**Activity:** The pictures stay out. Please retype every line below exactly.

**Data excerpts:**
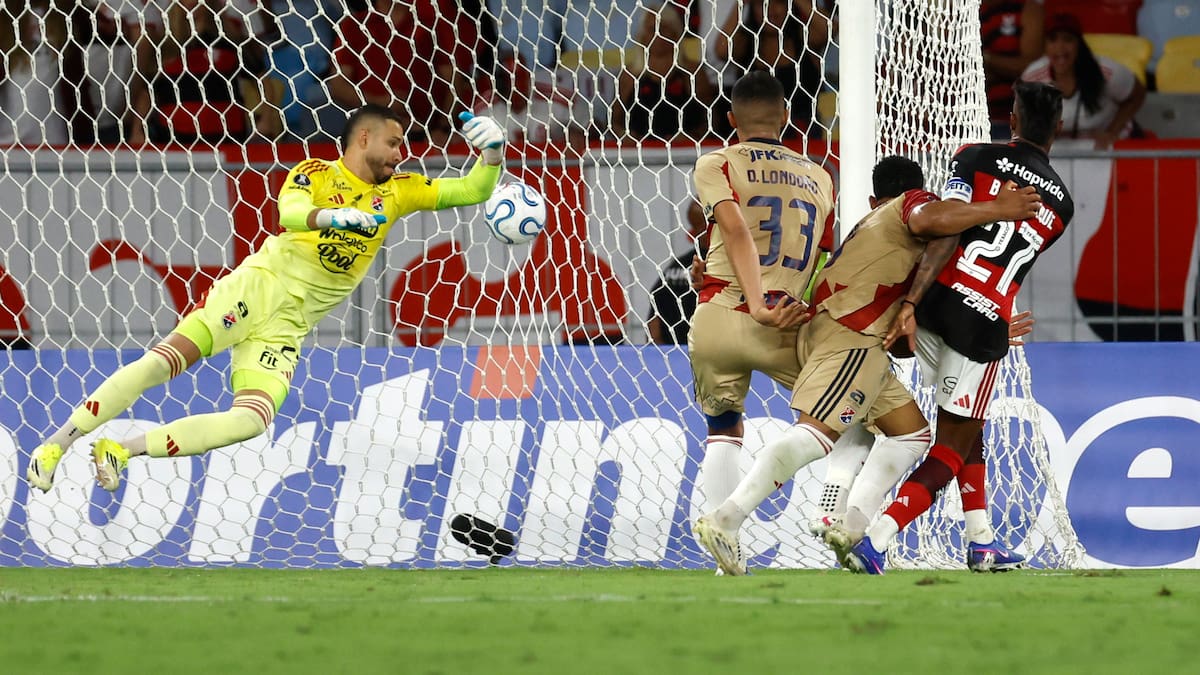A los 40 minutos de la primera parte, un exceso de confianza en la salida le costó caro al Fla. La jugada del empate nació de un error de Jorge Carrascal, quien perdió la posesión en el círculo central ante la presión colombiana.
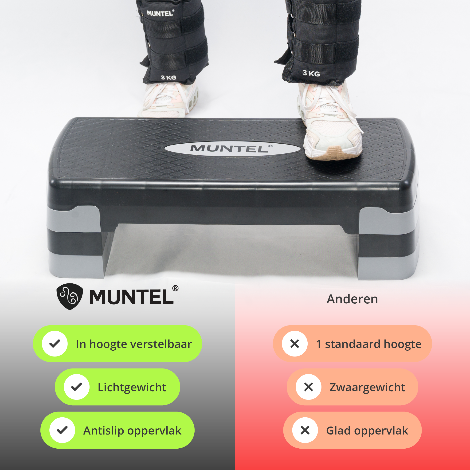 De mogelijkheden zijn eindeloos! Gebruik de stepper voor klassieke aerobics, step-ups, beenverstevigende oefeningen, cardio workouts, en nog veel meer. Of je nu thuis traint, in de sportschool, of met vrienden in de huiskamer, de Muntel® Aerobic Step is jouw perfecte fitnesspartner.
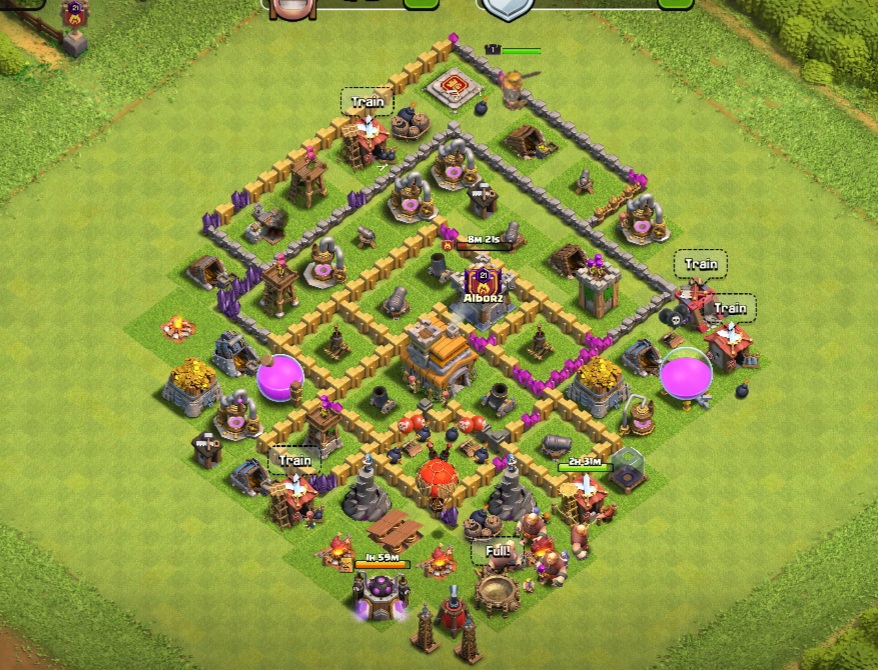 این مپ تاون 7 زمین خانه بازی کلش اف کلنز برای بالا بردن کاپ بسیار مناسب. در حالی که مخازن اکسیر و طلا در بیرون دیوار ها قراز دارند ولی زمانی که از این مپ استفاده می کنید می تونید مخازن خودتونو پر پر کنید. همیچنین حالت قرار گرفتن دیوار ها باعث سه ستاره نشدن این زمین شده و کاپ شما بالا می رود.
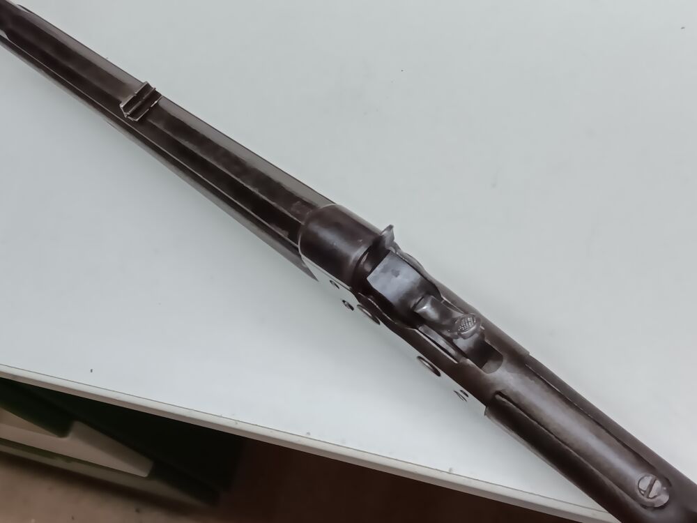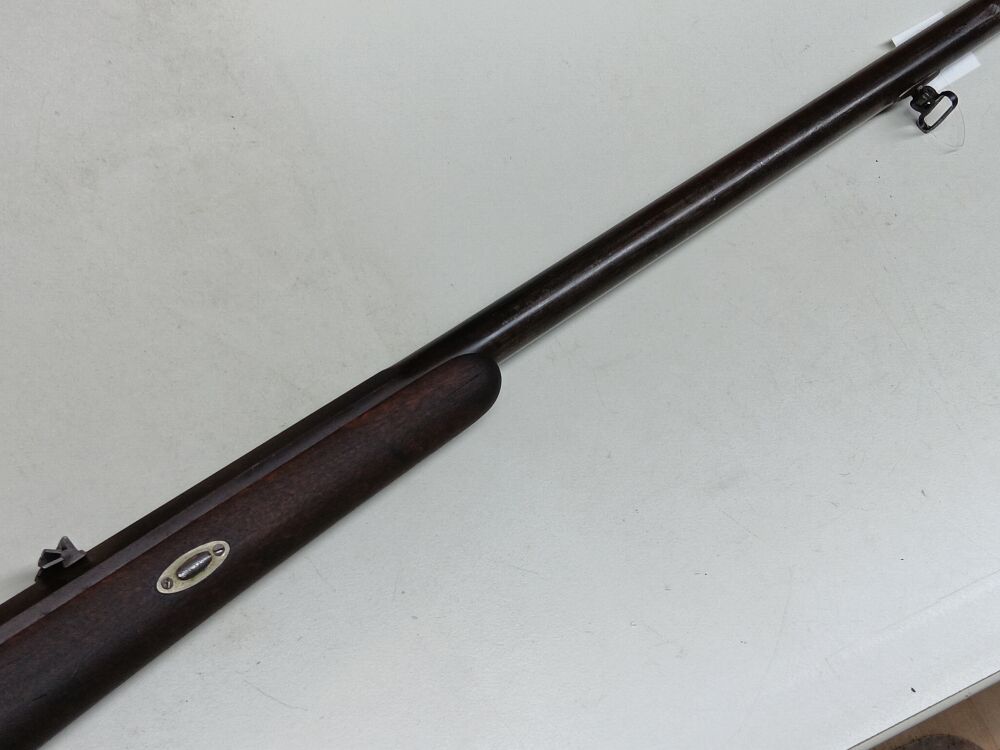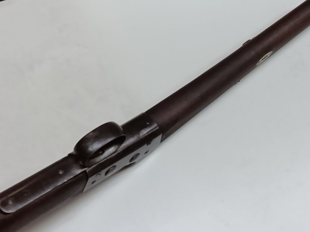 Einzelladerflinte mit einem 85 cm langen matt-rauen Lauf , Rolling-Block-System mit eiwandfreier Funktion , Flintenabzug , 3-teilige Klappkimmenblätter , seitenverschiebbares Korn , 2 Riemenbügel , der Holz-Vorder-und Hinterschaft wurde komplett überarbeitet und matt geölt , metallblanke Stahlschaftkappe , die brünierten Metalloberflächen sind stellenweise leicht berieben , Gesamtlänge 125 cm , Schaftmass 35 cm , Visierlänge 63 cm , Seriennummer : 41451 , Schwedischer Beschuß , kein Neubeschuß vorhanden
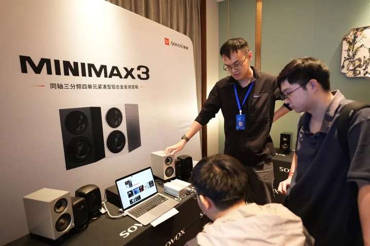 索威本次展出的核心产品是两款监听音箱:面向个人音频创作者和桌面用户的MiniMax3 Monitor,以及面向专业工作室的M1205同轴三分频远场监听音箱。
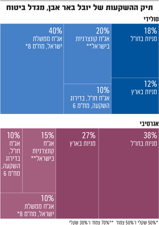 כשאנחנו מבקשים מבאר אבן לבנות תיק השקעות הוא מציע למשקיע סולידי להקצות 12% למניות בישראל ו־18% למניות בחו"ל. הוא מקצה 40% לאג"ח ממשלת ישראל במח"מ ארוך יחסית של 8 שנים.
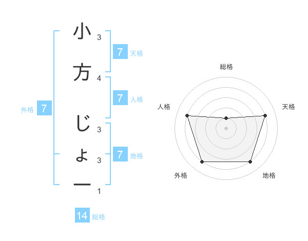 小方 じょーさんの地格は7画の4点

**Final answer:**
A los 40 minutos de la primera parte, un exceso de confianza en la salida le costó caro al Fla. La jugada del empate nació de un error de Jorge Carrascal, quien perdió la posesión en el círculo central ante la presión colombiana.
 De mogelijkheden zijn eindeloos! Gebruik de stepper voor klassieke aerobics, step-ups, beenverstevigende oefeningen, cardio workouts, en nog veel meer. Of je nu thuis traint, in de sportschool, of met vrienden in de huiskamer, de Muntel® Aerobic Step is jouw perfecte fitnesspartner.
 این مپ تاون 7 زمین خانه بازی کلش اف کلنز برای بالا بردن کاپ بسیار مناسب. در حالی که مخازن اکسیر و طلا در بیرون دیوار ها قراز دارند ولی زمانی که از این مپ استفاده می کنید می تونید مخازن خودتونو پر پر کنید. همیچنین حالت قرار گرفتن دیوار ها باعث سه ستاره نشدن این زمین شده و کاپ شما بالا می رود.
 Einzelladerflinte mit einem 85 cm langen matt-rauen Lauf , Rolling-Block-System mit eiwandfreier Funktion , Flintenabzug , 3-teilige Klappkimmenblätter , seitenverschiebbares Korn , 2 Riemenbügel , der Holz-Vorder-und Hinterschaft wurde komplett überarbeitet und matt geölt , metallblanke Stahlschaftkappe , die brünierten Metalloberflächen sind stellenweise leicht berieben , Gesamtlänge 125 cm , Schaftmass 35 cm , Visierlänge 63 cm , Seriennummer : 41451 , Schwedischer Beschuß , kein Neubeschuß vorhanden
 索威本次展出的核心产品是两款监听音箱:面向个人音频创作者和桌面用户的MiniMax3 Monitor,以及面向专业工作室的M1205同轴三分频远场监听音箱。
 כשאנחנו מבקשים מבאר אבן לבנות תיק השקעות הוא מציע למשקיע סולידי להקצות 12% למניות בישראל ו־18% למניות בחו"ל. הוא מקצה 40% לאג"ח ממשלת ישראל במח"מ ארוך יחסית של 8 שנים.
 小方 じょーさんの地格は7画の4点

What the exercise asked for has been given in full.